A 1000 ppm heparin stock solution was created in Milli-Q water, and the plasma of sheep and ELISA heparin kits were used to assess the efficacy and capacity of heparin adsorption by utilizing Equations (6) and (7) in the intestinal mucosa of pigs. This process is documented in a prior article [50].

$$Adsorption efficiency (\%)=\frac{(C_0-C_e)}{C_0}\times 100$$

(6)

$$Adsorption capacity \left(q_e\right)=\frac{(C_0-C_e)}{m}\times V$$

(7)

where C₀ and C_e (mg L^–1) are the initial and equilibrium heparin concentrations (measured with the ELISA kit), V (L) is the volume of the mucosa solution, used for heparin adsorption, and m is the mass of the adsorbent used (g).

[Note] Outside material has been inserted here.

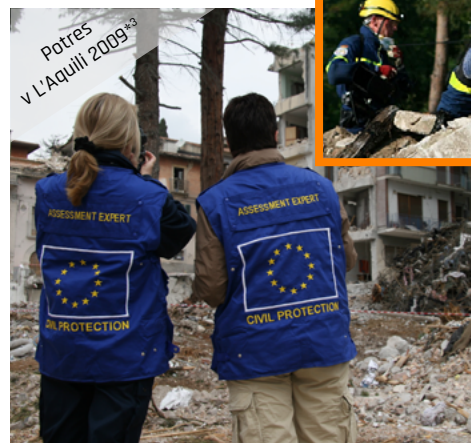
Potres v L'Aquila 2009*3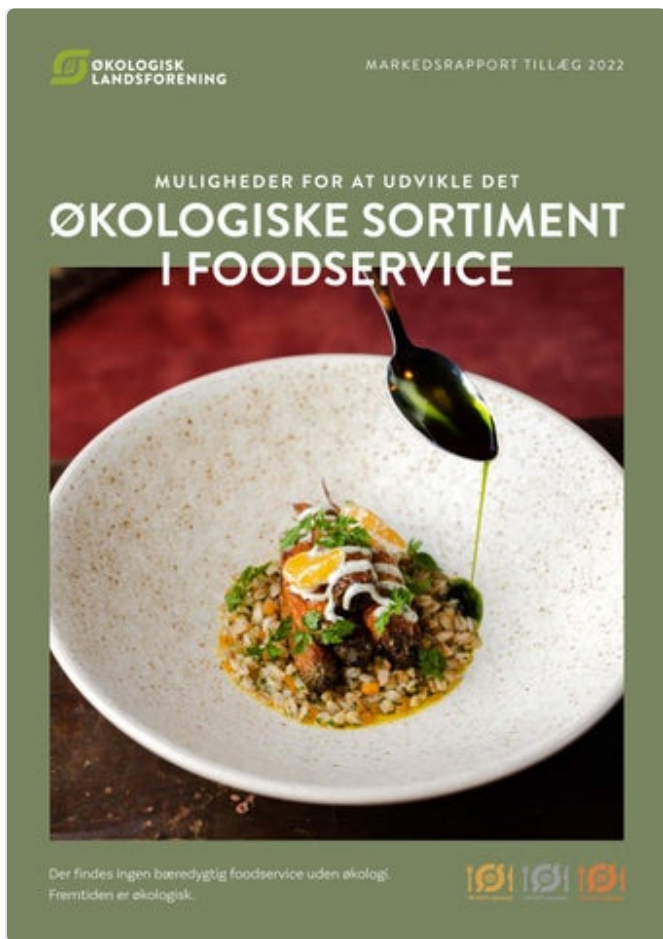
Det Økologiske Sortiment i Foodservice

To assess the adsorption capabilities of the DE materials, we conducted the following procedure: Initially, 250 mg of the quaternary salts of DE were added to the 25 mL aqueous solutions containing 1000 ppm of heparin sodium. The resulting solutions were placed in an incubator and stirred for 3 h at a temperature of 55 °C. Subsequently, 5 mL of each solution was withdrawn and filtered using a syringe filter, enabling the separation of the supernatant. To measure the concentration of heparin in the supernatant, we employed the methylene-blue-assisted spectrophotometric method. Methylene blue (MB), a cationic metachromatic dye, was utilized due to its specific affinity towards heparin. In this methodology, 1 mL of the heparin solution was mixed with 1 mL of the MB solution (10 mg L⁻¹). After vigorous mixing using a vortex mixer for 10 min, the absorbance of the resulting mixture was measured using a plate reader. The intensity of the band observed at λ_max = 663 nm, corresponding to unbound MB, was recorded. MB forms dimers with heparin, which decreases the concentration of free MB, resulting in a decreased intensity at 663 nm. A pre-plotted standard calibration curve was used to calculate the concentration of heparin after adsorption [12,40,50].

4. Conclusions

In this study, we explored the possibility of recovering heparin using quaternary ammonium-functionalized diatomaceous earth (DE). As far as we know, this is the first instance of positively charged DE being used for heparin recovery. We prepared a number of quaternary ammonium-modified diatomaceous earth and discovered that QDADE was the most effective for heparin recovery, with an adsorption rate of up to 31% from the actual sample. The effective performance of QDADE can be attributed to multiple factors, including its high charge density, reduced hydrophobicity, and the presence of less steric crowding in the vicinity of the adsorption sites of QDADE. The higher charge density ensures stronger electrostatic interactions between QDADE and heparin molecules, facilitating efficiency. The adsorption process was found to follow the pseudo-second-order kinetic model and to be thermodynamically endothermic and feasible. Furthermore, further research on optimizing heparin adhesion was studied by adjusting parameters such as temperature, pH, and dosage.